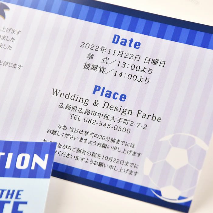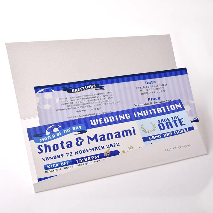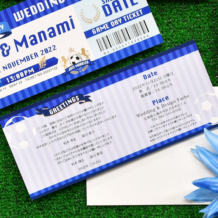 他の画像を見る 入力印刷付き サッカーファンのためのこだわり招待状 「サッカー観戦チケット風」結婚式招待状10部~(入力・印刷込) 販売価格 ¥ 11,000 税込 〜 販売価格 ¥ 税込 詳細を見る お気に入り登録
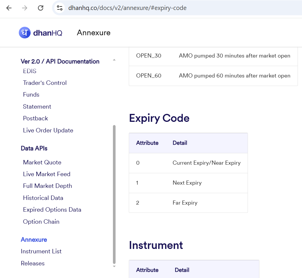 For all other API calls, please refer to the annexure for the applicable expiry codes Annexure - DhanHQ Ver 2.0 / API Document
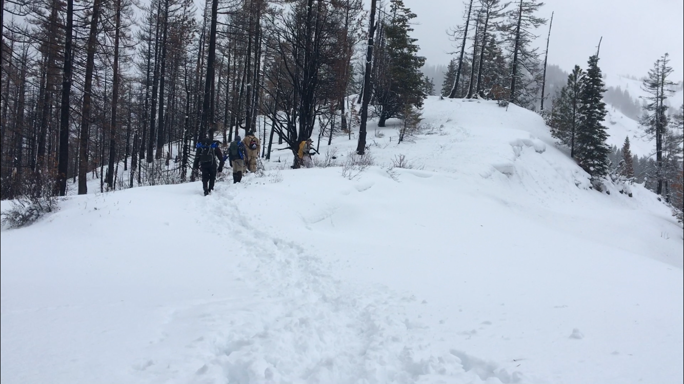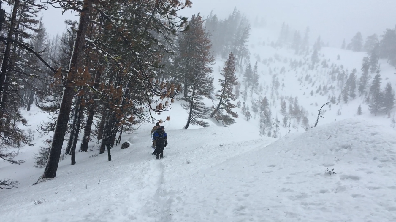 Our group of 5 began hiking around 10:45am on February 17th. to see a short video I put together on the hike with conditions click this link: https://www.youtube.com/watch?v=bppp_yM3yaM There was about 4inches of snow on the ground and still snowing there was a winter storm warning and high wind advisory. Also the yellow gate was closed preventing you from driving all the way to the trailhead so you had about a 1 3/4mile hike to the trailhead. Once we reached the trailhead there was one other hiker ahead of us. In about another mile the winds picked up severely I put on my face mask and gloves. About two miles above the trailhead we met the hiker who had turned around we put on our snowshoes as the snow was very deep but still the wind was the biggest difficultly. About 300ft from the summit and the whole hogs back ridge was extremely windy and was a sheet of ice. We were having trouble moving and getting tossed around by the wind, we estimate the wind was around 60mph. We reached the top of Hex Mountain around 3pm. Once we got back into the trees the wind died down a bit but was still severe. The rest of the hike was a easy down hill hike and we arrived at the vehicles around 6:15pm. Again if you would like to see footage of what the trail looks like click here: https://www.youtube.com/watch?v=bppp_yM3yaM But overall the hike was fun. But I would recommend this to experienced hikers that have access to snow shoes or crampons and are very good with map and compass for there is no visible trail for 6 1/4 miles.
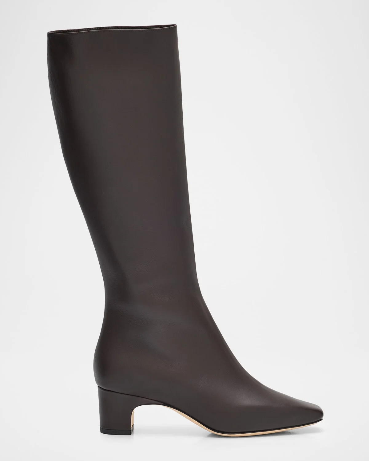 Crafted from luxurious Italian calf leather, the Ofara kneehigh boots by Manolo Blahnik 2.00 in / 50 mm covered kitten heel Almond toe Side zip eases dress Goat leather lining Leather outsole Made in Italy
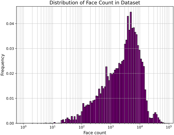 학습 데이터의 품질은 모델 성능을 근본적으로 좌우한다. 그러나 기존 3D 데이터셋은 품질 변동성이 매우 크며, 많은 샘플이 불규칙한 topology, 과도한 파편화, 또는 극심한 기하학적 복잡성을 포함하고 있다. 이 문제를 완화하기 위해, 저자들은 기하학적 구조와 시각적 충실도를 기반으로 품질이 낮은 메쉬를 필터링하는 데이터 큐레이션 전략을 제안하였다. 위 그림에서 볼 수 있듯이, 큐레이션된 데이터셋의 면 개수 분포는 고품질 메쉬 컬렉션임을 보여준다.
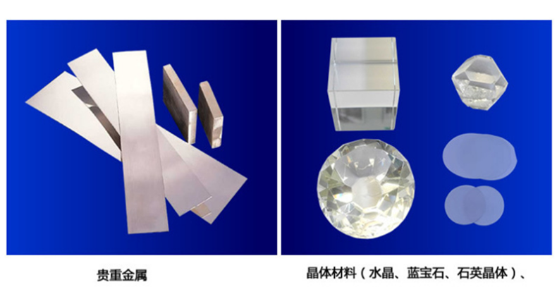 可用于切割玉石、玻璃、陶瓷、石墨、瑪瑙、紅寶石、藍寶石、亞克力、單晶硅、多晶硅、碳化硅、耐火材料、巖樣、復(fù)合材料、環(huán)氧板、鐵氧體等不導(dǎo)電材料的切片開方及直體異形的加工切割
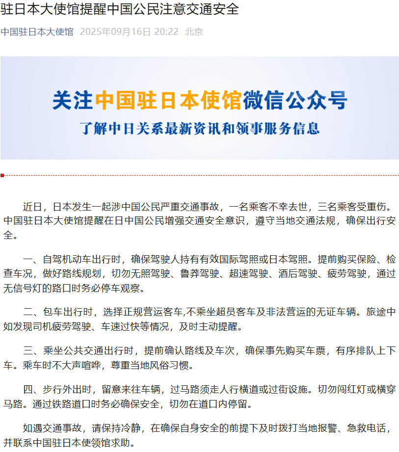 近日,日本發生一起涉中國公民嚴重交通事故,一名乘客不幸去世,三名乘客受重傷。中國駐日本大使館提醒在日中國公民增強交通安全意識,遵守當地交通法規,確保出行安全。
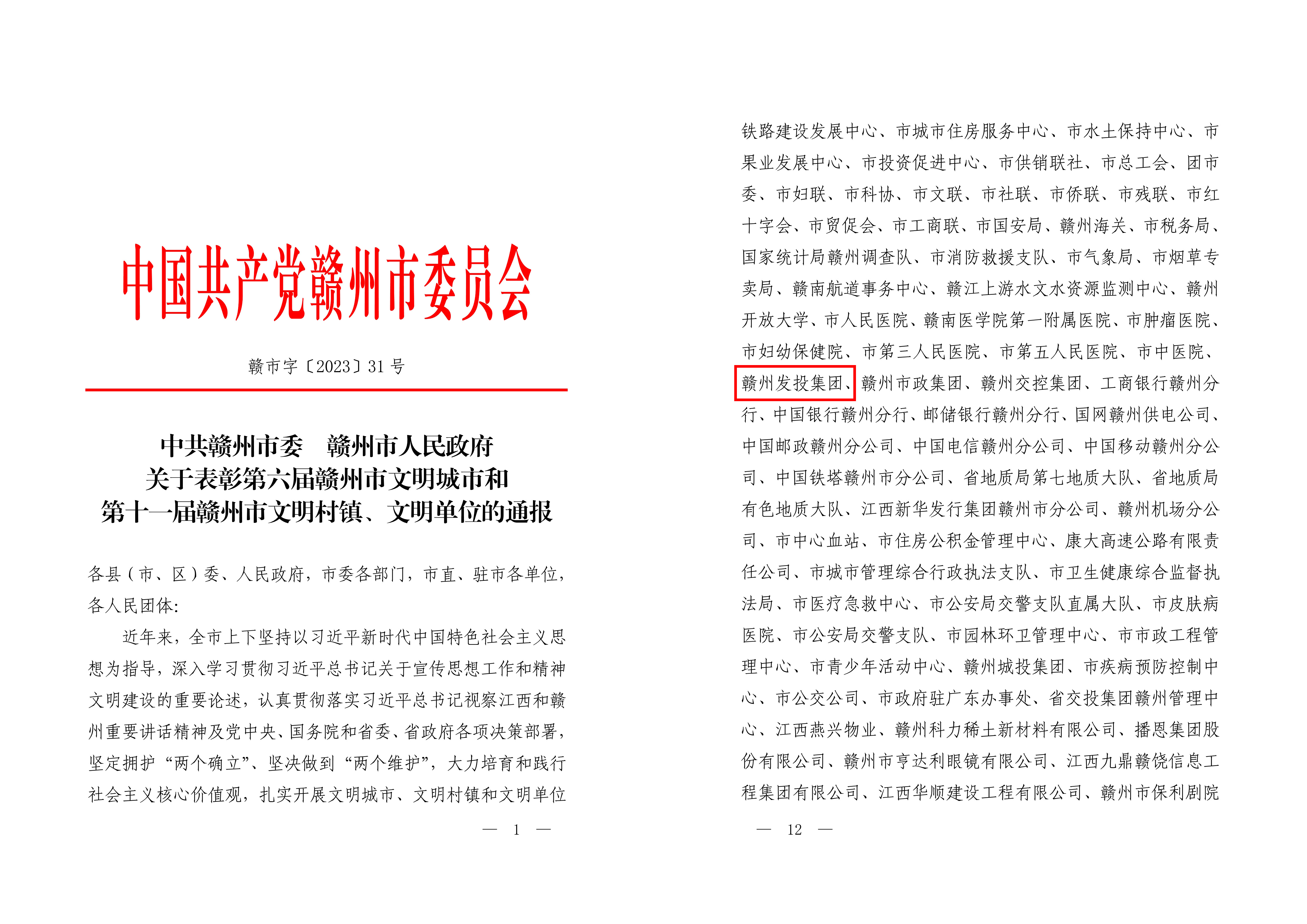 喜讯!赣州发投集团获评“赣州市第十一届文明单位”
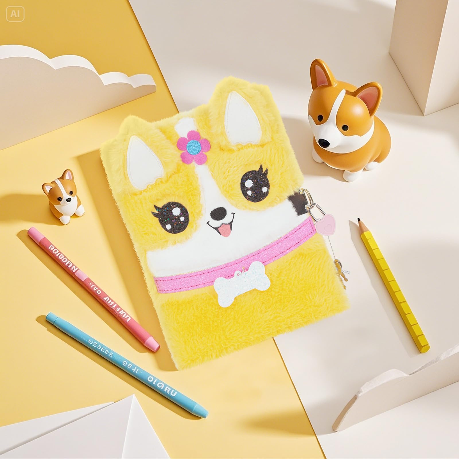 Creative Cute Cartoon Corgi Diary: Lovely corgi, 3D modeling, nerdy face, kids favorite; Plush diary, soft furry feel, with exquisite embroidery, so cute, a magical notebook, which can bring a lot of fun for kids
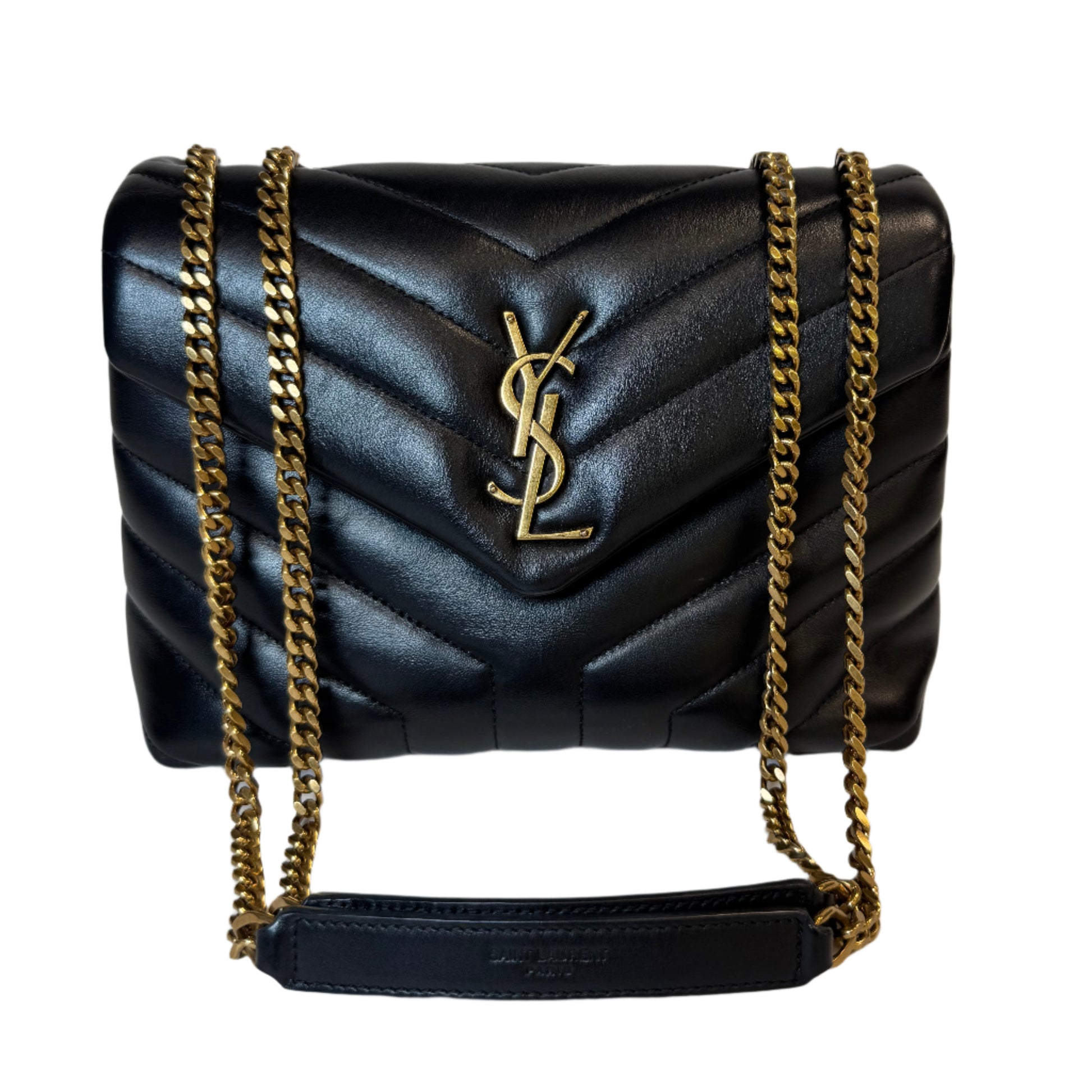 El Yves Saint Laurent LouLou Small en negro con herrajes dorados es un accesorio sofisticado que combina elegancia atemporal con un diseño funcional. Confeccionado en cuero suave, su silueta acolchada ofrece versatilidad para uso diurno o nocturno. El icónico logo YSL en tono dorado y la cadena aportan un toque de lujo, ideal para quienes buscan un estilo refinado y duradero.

---

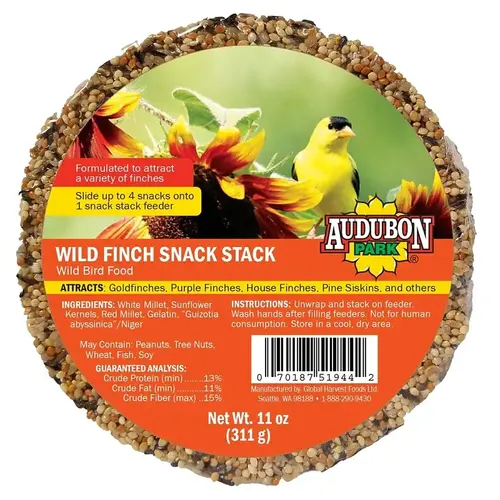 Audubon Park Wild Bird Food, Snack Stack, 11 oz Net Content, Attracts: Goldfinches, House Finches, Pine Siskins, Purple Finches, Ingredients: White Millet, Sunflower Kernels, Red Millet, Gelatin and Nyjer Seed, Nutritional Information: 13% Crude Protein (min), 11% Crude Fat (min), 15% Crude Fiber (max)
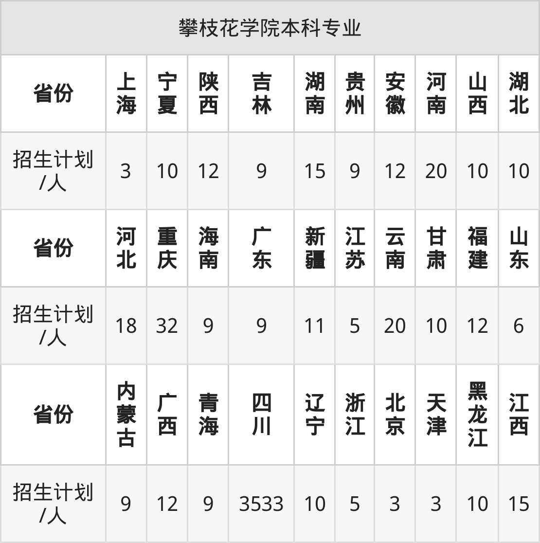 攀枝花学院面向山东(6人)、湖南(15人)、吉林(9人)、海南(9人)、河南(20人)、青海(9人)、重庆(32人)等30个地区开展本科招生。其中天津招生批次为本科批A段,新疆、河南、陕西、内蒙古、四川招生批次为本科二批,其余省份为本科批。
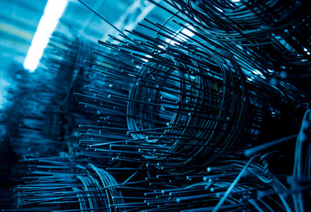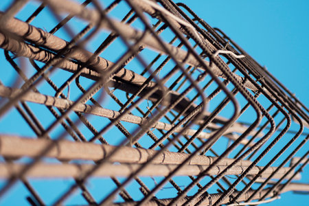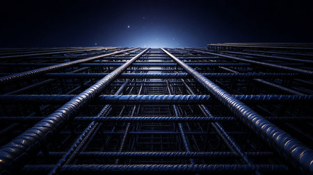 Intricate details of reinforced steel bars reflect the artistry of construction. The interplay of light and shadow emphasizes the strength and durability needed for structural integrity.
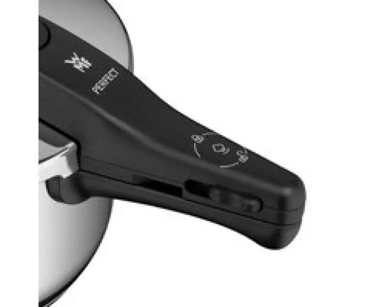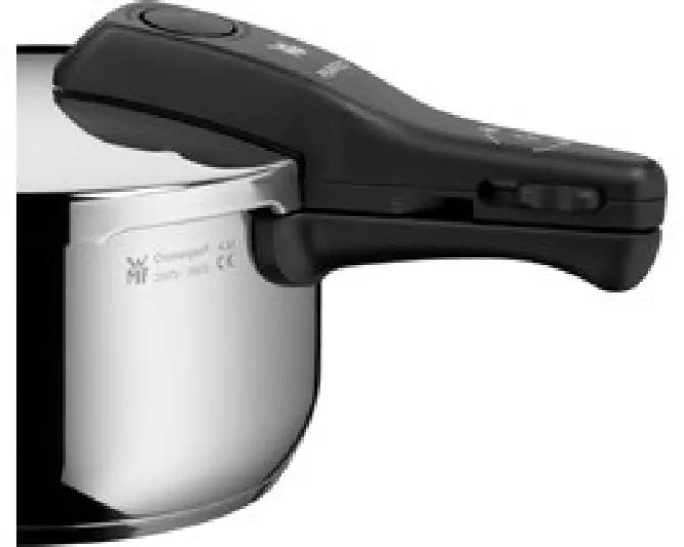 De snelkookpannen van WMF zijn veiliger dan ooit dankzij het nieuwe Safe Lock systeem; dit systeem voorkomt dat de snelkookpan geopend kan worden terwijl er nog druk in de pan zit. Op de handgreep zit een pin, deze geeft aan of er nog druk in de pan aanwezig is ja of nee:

## About this task
Print the line above containing "Audubon Park Wild", the line containing "De snelkookpannen van", and everything between them, exactly as written. Pictures stay out.

## Result
 Audubon Park Wild Bird Food, Snack Stack, 11 oz Net Content, Attracts: Goldfinches, House Finches, Pine Siskins, Purple Finches, Ingredients: White Millet, Sunflower Kernels, Red Millet, Gelatin and Nyjer Seed, Nutritional Information: 13% Crude Protein (min), 11% Crude Fat (min), 15% Crude Fiber (max)
 攀枝花学院面向山东(6人)、湖南(15人)、吉林(9人)、海南(9人)、河南(20人)、青海(9人)、重庆(32人)等30个地区开展本科招生。其中天津招生批次为本科批A段,新疆、河南、陕西、内蒙古、四川招生批次为本科二批,其余省份为本科批。
 Intricate details of reinforced steel bars reflect the artistry of construction. The interplay of light and shadow emphasizes the strength and durability needed for structural integrity.
 De snelkookpannen van WMF zijn veiliger dan ooit dankzij het nieuwe Safe Lock systeem; dit systeem voorkomt dat de snelkookpan geopend kan worden terwijl er nog druk in de pan zit. Op de handgreep zit een pin, deze geeft aan of er nog druk in de pan aanwezig is ja of nee:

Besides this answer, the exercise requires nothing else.